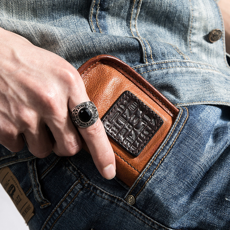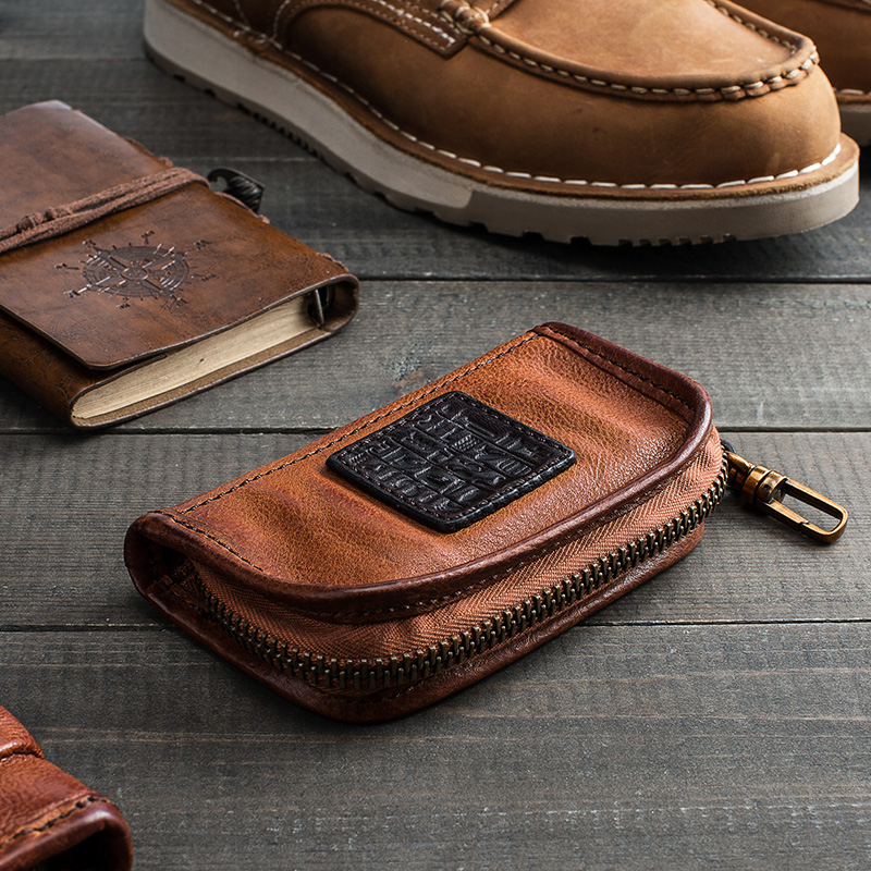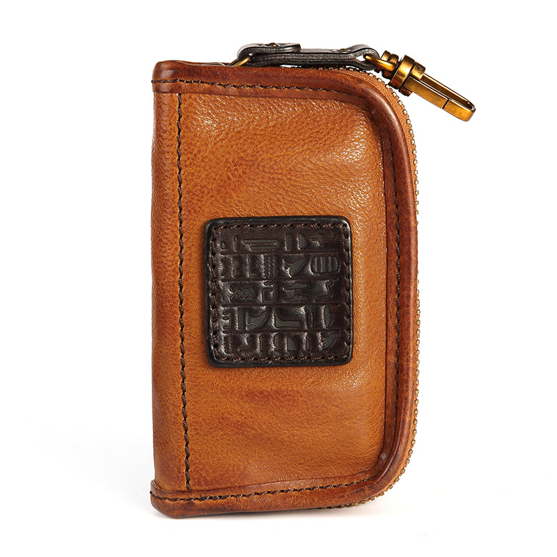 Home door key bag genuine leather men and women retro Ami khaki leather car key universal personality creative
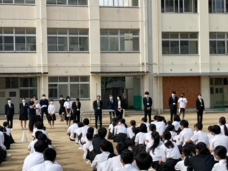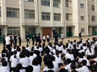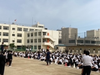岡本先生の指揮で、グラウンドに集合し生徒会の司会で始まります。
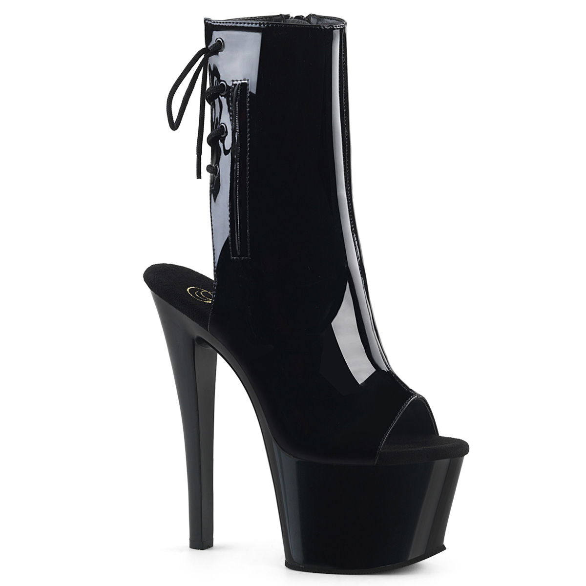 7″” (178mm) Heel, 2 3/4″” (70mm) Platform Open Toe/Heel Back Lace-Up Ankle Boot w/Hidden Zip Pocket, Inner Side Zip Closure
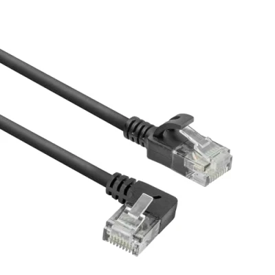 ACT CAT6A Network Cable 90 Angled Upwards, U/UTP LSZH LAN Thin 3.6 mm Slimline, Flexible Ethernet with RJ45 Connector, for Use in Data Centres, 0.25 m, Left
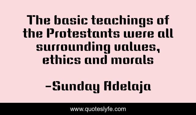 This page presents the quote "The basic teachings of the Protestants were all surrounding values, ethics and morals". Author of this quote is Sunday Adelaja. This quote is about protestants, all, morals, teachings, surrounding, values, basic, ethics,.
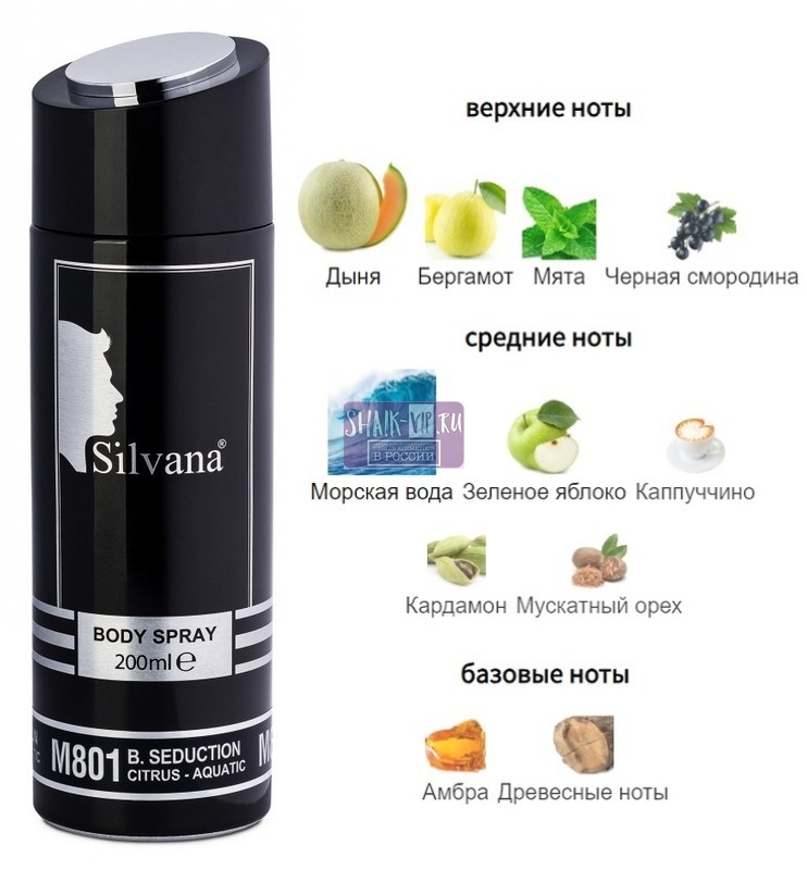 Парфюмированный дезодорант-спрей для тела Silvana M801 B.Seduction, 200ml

——

§ WHAT NEEDS TO BE DONE
Skipping any pictures, copy the line that holds "This page presents" and each line after it through the last line of the records, unchanged, and no other lines.

§ RESPONSE TO THE TASK
 This page presents the quote "The basic teachings of the Protestants were all surrounding values, ethics and morals". Author of this quote is Sunday Adelaja. This quote is about protestants, all, morals, teachings, surrounding, values, basic, ethics,.
 Парфюмированный дезодорант-спрей для тела Silvana M801 B.Seduction, 200ml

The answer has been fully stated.